Incomplete immunization can put children at greater risk of acquiring vaccine-preventable diseases. Every day, around 29,000 children under the age of five die in the world7.
Immunization remains a critical public health challenge in Ethiopia. According to the Ethiopian Ministry of Health, the 2011 DHS in Ethiopia, only 24.3% of children between 12 and 23 months of age were fully immunized8. Also, the 2016 Ethiopian EDHS report revealed that only 39% of children in Ethiopia received all recommended immunizations6,]9. Additionally, according to the 2019 EMDHS report, full immunization coverage has reached 43%, with a steady change over time10.
The study’s conclusions enable decision-makers in the relevant study area, such as policymakers and immunization program managers. Besides this, the lack of immunization is a significant cause of the death of children between the ages of five11. Even though immunization coverages are provided by healthcare workers at health facilities, healthcare access and utilization are important to consider when looking at predictors for complete immunization by using traditional statistical analysis techniques12.

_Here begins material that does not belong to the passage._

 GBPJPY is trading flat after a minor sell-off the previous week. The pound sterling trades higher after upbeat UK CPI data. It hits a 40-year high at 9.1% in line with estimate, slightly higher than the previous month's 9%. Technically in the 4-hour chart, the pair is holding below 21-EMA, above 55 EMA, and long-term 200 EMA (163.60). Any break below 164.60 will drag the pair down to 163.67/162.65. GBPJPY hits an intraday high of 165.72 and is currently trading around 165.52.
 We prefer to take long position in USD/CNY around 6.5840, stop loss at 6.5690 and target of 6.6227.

As technology expands, machine learning provides an exciting opportunity in health care to improve the accuracy of diagnoses, personalize health care, and find solutions to specific problems in public health. In machine learning scenarios, it is useful for optimizing immunization, analyzing large datasets to identify patterns, predicting outcomes, and recommending targeted interventions. Also, the machine learning (ML) models were used to identify the factors of incomplete immunization based on demographic, socio-economic, and healthcare access data. Addressing incomplete immunization in Ethiopia requires a comprehensive understanding of the determinants influencing immunization uptake. Traditional approaches, while valuable, have limitations in identifying complex patterns and interactions between various factors. Machine learning offers a novel approach were studying the age of 12–35 months, and this study aims to fill the gap for all ages under five or 0–59 months by identifying the factors contributing to incomplete immunization13. This study aims to explore the application of ensemble machine learning algorithms to predict incomplete immunization among Ethiopian children. Specifically, it seeks to identify key determinants and their interactions that contribute to incomplete immunization within the basic age groups of the child, and to what extent ensemble learning techniques’ prediction models perform well.

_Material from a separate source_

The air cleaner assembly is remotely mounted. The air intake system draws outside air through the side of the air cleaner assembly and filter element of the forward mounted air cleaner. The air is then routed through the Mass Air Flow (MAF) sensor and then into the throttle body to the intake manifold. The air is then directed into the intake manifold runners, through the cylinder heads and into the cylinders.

This technique reduced model prediction error when the base models were diverse, independent, and used in the popular ensemble approaches14. To preprocess the 16,394 datasets for this study, procedures such as data reduction, data cleaning, data balancing (class weights, SMOTE, and Tomek Link), and the splitting phase should be followed, as others if available15. As the essential implementations using Python programming languages were used, ensemble supervised machine learning techniques such as Bagging (Bagging meta-estimator, Random Forest), Boosting (Gradient Boosting, XGBoost, LightGBM, AdaBoost, and CatBoost, and Voting (Bagging meta-estimator + Random Forest, GBoost + AdaBoost, LightGBM + CatBoost, Random Forest + LightGBM, Bagging ME + XBoost, AdaBoost + LightGBM, XGBoost + AdaBoost + LightGBM, LightGBM + GBoost + AdaBoost + XGBoost were used. Additionally, in stacking (with base models such as XGBoost and CatBoost), along with other machine learning algorithms like Random Forest, KNN, ANN, SVM, and a meta-model, Logistic Regression was also employed in the study16. These ensemble methods were also utilized to predict incomplete immunization among Ethiopian children and evaluate the training and testing data using different performance evaluation metrics, accuracy, recall, precision, and F1-score17. As a result, various predictive methods have assessed the factors contributing to incomplete immunization. To determine their effectiveness, the ensemble models were evaluated on the tested data. The model demonstrated impressive accuracy, reflecting its robust performance, and improved model abilities using hyperparameter tuning.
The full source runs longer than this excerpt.